- Born: March 30, 1906 Fredericton, New Brunswick
- Died: November 15, 1979 (aged 73) Halifax, NS
- Education: Halifax Academy; Dalhousie University; the Nova Scotia College of Art (graduated 1928); Chelsea School of Art in London, England; the Académie Colarossi in Paris; and the University of Toronto
- Known for: Maritime artist; Official War Artist for the Navy; author and illustrator
- Spouse(s): Alice Mary "Mollie" Bell (m. August 29, 1934); Margaret MacNeil (m. August 16,1966)
- Children: Margaret Bell "Margot" Mackay (1942- )

= Donald Cameron Mackay =

Canadian artist (1906–1979)

Donald Cameron Mackay (1906–1979) was a Maritime artist; an Official War Artist for the Royal Navy of Canada; an author and illustrator.

== Career ==
Mackay was born in Fredericton, New Brunswick. In 1912, he moved with his family to Nova Scotia. His major training as an artist took place at the Nova Scotia College of Art (today NASCAD) with Henry Mortikar Rosenberg, graduating in 1928. In 1929, Mackay did graduate studies at the Chelsea School of Art in London, England, where, among his other teachers was Graham Sutherland. He then studied in France at the Académie Colarossi in Paris and at Heatherley's School of Art in London. In 1930, he moved to Toronto, Ontario, where he worked as an illustrator and studied at the University of Toronto extension department with Arthur Lismer. In Toronto, Mackay became a teacher at Northern Vocational School and at the Art Gallery of Toronto (now the Art Gallery of Ontario).

In 1934, he married and together with his wife, returned to Halifax, where he began work as an instructor and later as vice-principal at NASCAD. Besides his job at the College, Mackay was employed as a lecturer at Dalhousie University.

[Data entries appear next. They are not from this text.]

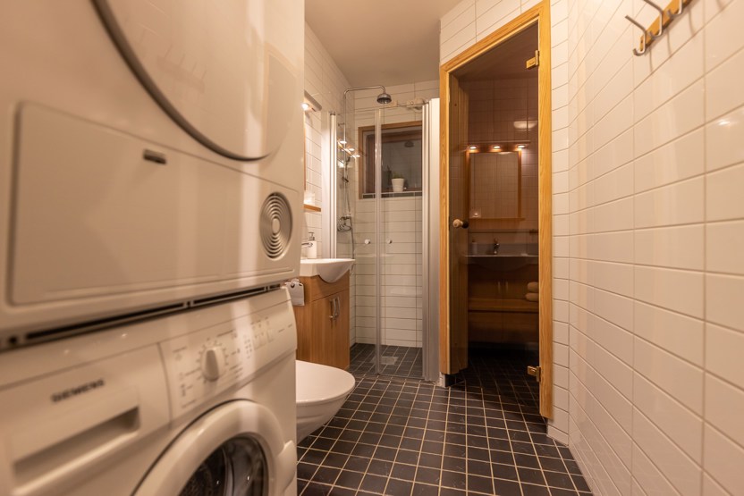 Badeværelset-1 = bruse/wc/sauna. Badeværelset-2 = wc.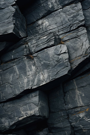 Dark, Textured Slate Rocks Found at a Coastal Area Captured During Overcast Weather on a Cool Day. Generative AI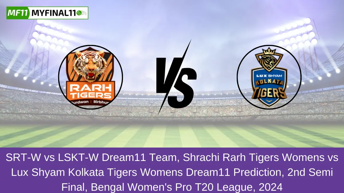 The 2nd Semi final T20 match of Bengal Women’s Pro T20 League, 2024 will be played between Shrachi Rarh Tigers Womens (SRT-W) and Lux Shyam Kolkata Tigers Womens (LSKT-W ) at Jadavpur University Campus, Kolkata, on 27th June 2024 at 1:30 PM IST. If you are interested, you can find more information about the SRT-W vs LSKT-W Dream11 Prediction Today Match, SRT-W vs LSKT-W Dream11 Team Today, Playing 11s, Pitch Report & SRT-W vs LSKT-W Player Stats in this article.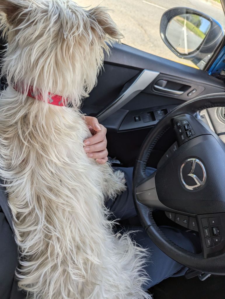 We have puppies due in two days. We have a puppy enclosure to clean, a dryer that’s yet to be delivered, a special needs daughter to care for on top of it all. But I can never ignore a Scottie or Westie sitting in a shelter. They’re such sensitive dogs. If I didn’t go and get this little dude, I’d think about him all weekend.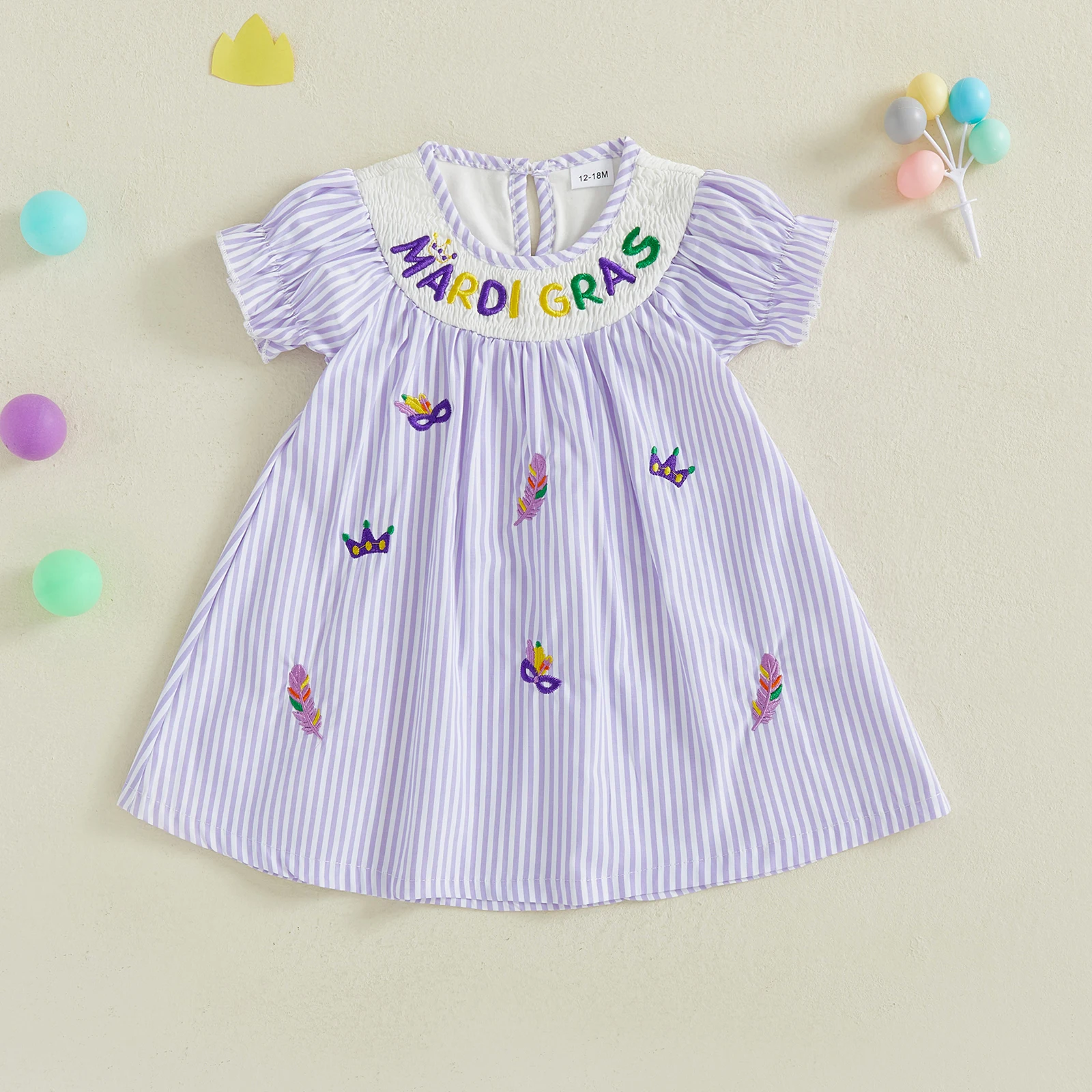 Toddler Baby Girl Mardi Gras Dress Loose Fit Letter Embroidered Striped Smocked Crew Neck Short Sleeve A Line DressSize (cm)

Already in the Royal Canadian Navy Volunteer Reserve, Mackay entered active service in 1939 as a lieutenant. While primarily employed in the Intelligence Branch, Mackay did drawing, painting and camouflage at sea. From 1943, to 1944, he worked as an Official War Artist for the Navy, painting on Newfoundland's east coast and retiring from the Navy in 1945.

In 1951, he became principal at NASCAD, retiring in 1971. In 1951 his four murals were installed in the Halifax Memorial Library's main floor. They are in tribute to the Navy, Army, Air Force and Merchant Navy. Mackay also was a writer and an expert on old silver and heraldry. He was co-author and illustrator of "Master Goldsmiths and Silversmiths of Nova Scotia" (with Harry Piers, 1948); and author of "Silversmiths and Related Craftsmen of the Atlantic Provinces" (1973). He illustrated many books and periodicals as well. He died in Halifax in 1979.

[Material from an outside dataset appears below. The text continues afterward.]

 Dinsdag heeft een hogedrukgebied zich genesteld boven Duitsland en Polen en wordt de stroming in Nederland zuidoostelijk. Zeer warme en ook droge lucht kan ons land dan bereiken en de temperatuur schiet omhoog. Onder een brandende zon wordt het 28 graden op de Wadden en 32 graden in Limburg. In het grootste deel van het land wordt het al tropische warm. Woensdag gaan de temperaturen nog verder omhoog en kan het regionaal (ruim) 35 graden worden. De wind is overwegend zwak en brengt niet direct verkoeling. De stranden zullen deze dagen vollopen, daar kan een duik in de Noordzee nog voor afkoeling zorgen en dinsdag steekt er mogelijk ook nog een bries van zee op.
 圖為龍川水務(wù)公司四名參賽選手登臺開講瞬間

An exhibition of his drawings, etchings, watercolours, and sketchbooks are in the collection of the Dalhousie University Archives. A show of these works was organized by curated by Gemey Kelly for the Dalhousie University Art Gallery in 1989.

== Memberships ==
Mackay was a member of many societies and served on many boards such as the Nova Scotia Society of Artists (1931); The Artists' Society of London (Eng., 1931); The Canadian Society of Graphic Art (1955); Maritime Art Association (1937); Nova Scotia Museum of Fine Art (1936); the Canadian Society for Education through Art; Fellow, Royal Society of Arts (1955); and Canada Arts Council.

== Selected public collections ==
He is represented in the collections of the Canadian War Museum; New York Public Library; N.S. Museum of Fine Arts; Art of the
Western Hemisphere Collection (New York); Dalhousie University and other public collections.

== Honours ==
Among his awards he received a Silver Medal from the Royal Institute of Canadian Architects; "Allied Arts Medal" (1955), was made a Fellow, Royal Society of Arts (1955); and he received a Canada Council Fellowship, and a Visitor's Grant from the British Council.